Вторая глава диссертации "Формирование жанровой традиции антиутопии в русской литературе 1900-х-первой половины 1930-х годов" состоит из трех частей. В первой части "Зарождение антиутопической традиции в русской литературе" исследуется начальная стадия истории отечественной антиутопии, охватывающая период 1900-х-1910-х годов. В этой части выделяются факторы в общественном и культурном сознании дореволюционной эпохи, по влиявшие на процесс становления антиутопии в русской литературе, анализируются произведения В.Брюсова, И.Морского, Н.Федорова и других писателей.
Во второй части главы "Жанр антиутопии е русской литературе постреволюционной эпохи " исследуется динамика развития отечественной антиутопии і период с 1917 по 1925 годы, на фоне кардинальным образом изменившейся исторической ситуации изучается специфика антиутопии в контексте существующей жанровой системы, рассматриваются особенности жанровой поэтики в антиутопиях Е.Замятина, Тео Эли, Л.Лунца, М.Козырева и других художников.
В третьей части второй главы "Жанровая тенденция антиутопии в русской литературе второй половины 1920-х-первой половины 1930-х годов" исследуется судьба национальной антиутопической традиции в эпоху становления общественной и эстетической нормативности, определяются значение и функции антиутопического начала в произведениях А.Платонова, С.Кржижановского, А.Адалис и И.Сергеева, А.Палея.
В Заключении диссертации делаются итоговые выводы, обобщающие рассуждения по затронутым в работе проблемам теоретического и историко-литературного порядка.
Общий объем диссертации составил 245 страниц.
Библиография по теме диссертации включает 288 наименований.
Антиутопия и миф
В современной науке неоднократно указывалось на связь антиутопии и мифологического сознания /97,55; 112,47; 159,52/. Предлагаемая попытка ее системного анализа обусловлена представлением, согласно которому жанровое моделирование действительности осуществляется на основе "трудноотклеиваемых от этой формы элементов мышления" (Е.Мелетинский) - в таком качестве в антиутопии выступает миф.

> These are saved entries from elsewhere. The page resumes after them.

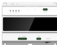
L-SW-5700 2-Draht-Switch für lunaIP Intercom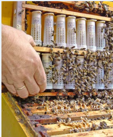
Zuchtrahmen mit gekäfigten Weiselzellen.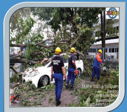
16 Mac 2021 Pokok Tumbang Di Banting

Penerbitan buletin ini dikhususkan kepada pembaca Sektor Kerajaan, Badan Bukan Kerajaan, Institusi Pengajian Tinggi Awam dan Swasta di seluruh negara dan edaran secara percuma.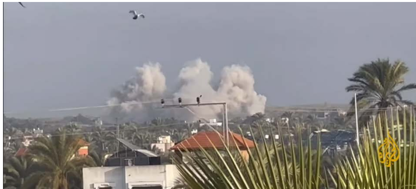
תיעוד הפיצוץ בו נהרגו 21 לוחמי צה"ל

◀ מרכז הרצועה: בתקרית קשה שארעה ב-22 בינואר 2024 בשעות אחר הצהריים נהרגו 21 לוחמי צה"ל. התקרית ארעה כאשר כוחות צה"ל פעלו במרחב אשר חוצץ בין היישובים הישראליים לרצועת עזה, סמוך לכיסופים. הכוחות הסירו מבנים ותשתיות טרור במרחב, ליצירת התנאים הביטחוניים לחזרת תושבי הדרום לבתיהם. מתחקור ראשוני של האירוע עלה, כי ככל הנראה שוגר טיל RPG על ידי מחבלים לעבר טנק שאבטח את הכוח. טיל RPG נוסף נורה לעבר מבנה בו פעלו כוחות צה"ל שהיו לקראת השלמת מלכוד המבנה לפני פיצוץ. כתוצאה מהירי, אירע פיצוץ של שני מבנים דו-קומתיים, שקרסו, בעת שמרבית הכוח נמצא בתוכם ובסמוך אליהם. במהלך כל שעות הלילה התקיימה פעילות לאיתור וחילוץ הנפגעים (דובר צה"ל, 23 בינואר 2024).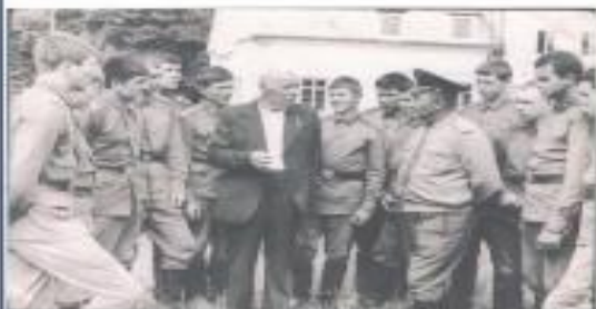
Сталовский Ф.И. на встрече с молодыми бойцами пограничной заставы в Гурьеве - 28 мая 1975 г.

В мирное время до конца своей жизни занимался патриотическим воспитанием подрастающего поколения. Он был почётным гражданином Озёрского района, частым гостем школ и военных частей расположенных на территории Озёрского района.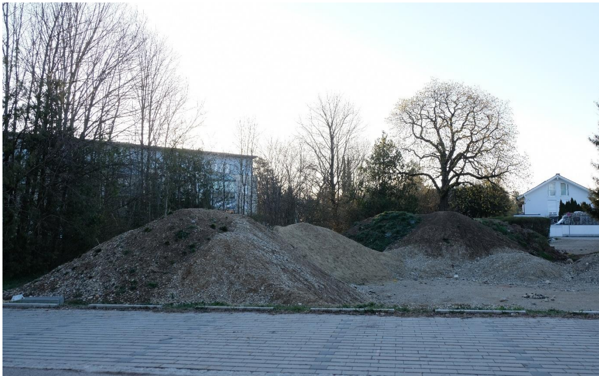
Abbildung 4: Blick von West nach Ost mit den Substratablagerungen und der alten Kastanie im Hintergrund

von Links ist oben das Krähenest zu sehen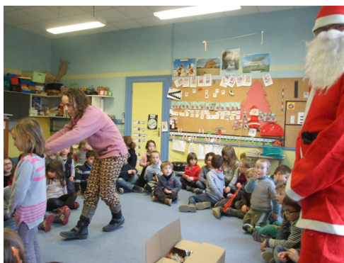
Le Père Noël à l'école Maternelle ☺

Tous les bénéfiques ont permis aux enfants des écoles de réaliser des sorties pédagogiques et culturelles en extérieur (L'amicale Laïque finance le transport pour chaque sortie), mais aussi :

В научном толковании миф имеет несколько смыслов. Значительное разнообразие суждений о мифе можно свести к следующим моментам. Во-первых, миф может пониматься в качестве универсального феномена сознания, характеризуемого синкретичностью, преобладанием предметно-образного начала, особой парадигматикой составляющих его элементов. Во-вторых, под мифом можно иметь в виду тип художественного сознания, которому свойственны определенные принципы видения мира (здесь актуальны представления о целостности сущего, об антиномии части и целого, об универсализации законов бытия внешнего и внутреннего, духовного и материального). В-третьих, можно говорить о мифе как специфическом повествовательном тексте, обладающем определенной сюжетной организацией. Эта форма существования мифа обусловлена структурным воплощением принципов мифологического видения мира, значимых в той или иной культурной традиции. Отметим, что в научной практике изучение отдельных текстов в рамках мифопоэтики предполагает совмещение различных подходов к мифу. В предлагаемой работе исследование антиутопии ориентировано главным образом на понимание мифа как типа художественного сознания.

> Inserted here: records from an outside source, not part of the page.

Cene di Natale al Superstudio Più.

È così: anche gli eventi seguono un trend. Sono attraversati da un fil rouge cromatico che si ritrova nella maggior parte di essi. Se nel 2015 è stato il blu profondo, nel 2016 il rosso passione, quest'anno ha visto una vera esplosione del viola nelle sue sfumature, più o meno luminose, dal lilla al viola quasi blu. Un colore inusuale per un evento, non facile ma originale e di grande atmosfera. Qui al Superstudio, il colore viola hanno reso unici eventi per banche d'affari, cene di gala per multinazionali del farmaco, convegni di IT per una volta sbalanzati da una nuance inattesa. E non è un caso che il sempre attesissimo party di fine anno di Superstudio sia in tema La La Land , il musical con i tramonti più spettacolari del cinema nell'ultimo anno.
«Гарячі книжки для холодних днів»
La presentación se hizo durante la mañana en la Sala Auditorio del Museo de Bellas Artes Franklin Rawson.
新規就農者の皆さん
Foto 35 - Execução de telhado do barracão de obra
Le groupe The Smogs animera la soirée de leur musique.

Реконструирование мифологической праосновы антиутопического жанра имеет целью описать его "смыслопорождающее устройство". Это оправданно, поскольку исходные установки антиутопии получают опредмечивание на языке мифа, обретающем в жанровом контексте универсальные функции. Так, глубоко мифологична экспозиционная антиутопическая ситуация невыделенное личности из социума, наиболее распространенная интерпретация которой в понятиях социального кода (диктат государства над личностью, подчинение индивидуального коллективному и тому подобное) не отменяет ее метафизического аспекта: жанровая сосредоточенность на отдельной судьбе подспудно проявляет взаимное тяготение личного и общего. Постижение их драматической неслиянности восходит к учению Аристотеля, поскольку "уже Аристотель сознал как безысходную задачу антологии - противоречие между родом и индивидом. В действительности один не может без другого; но в то же время и тот, и другой претендуют на исключительную действительность"/ 242,77/. Антиутопия исследует различные уровни взаимодействия частного и общего, личностного и коллективного, закрепленного в пределах жанра за социальным, и на основе мифа выявляет сложную систему эквивалентностей в их существовании.
В антиутопической трактовке бытие личности и социума подчинено действию единых законов, смысл которых заключается в борьбе хаотического и космического начал. Их столкновение составляет инвариантный уровень жанрового конфликта: "неуправляемый" мир личности оказывается главным камнем преткновения на пути социума, стремящегося к абсолютной упорядоченности. Постепенно в это противостояние втягивается весь окружающий мир - происходит центростремительная динамизация антиутопического текста, на различных уровнях которого в тех или иных формах манифестируется указанный конфликт. По В.Топорову, описание кризисной ситуации, когда предсказуемому, "космическому" началу угрожает превращение в непредсказуемое, "хаотическое", лежит в основе универсальных мифопоэтических схем, при этом "схемы такого рода отражаются и в архаичных космологических текстах и в карнавале, и в ряде произведений художественной литературы" /238,92/. Воплощение в антиутопии основного космогонического конфликта имеет особую специфику. Согласно жанровой интерпретации, в большей степени действию хаотических сил подвержено личностное бытие. Такое восприятие коррелирует с представлением, согласно которому "человек как таковой - один из крайних ипостасных элементов космологической схемы, ее завершение и одновременно начало нового ряда, уже не вмещающегося в космологические рамки" /237,12/. Тенденция принимать те или иные проявления личностного существования как хаотические достаточно отчетливо прослеживается в антиутопии. Отсюда столь пристальное внимание жанра к внесоциальным аспектам человеческой жизни, сфере сокровенно-интимного, психического, бессознательного. В этой связи значительная распространенность мотива сна в антиутопии может быть объяснена тем, что "сон имеет своей сферой действия пространство и время, еще до конца не определенные, где отсутствует божественный порядок" /116,45/.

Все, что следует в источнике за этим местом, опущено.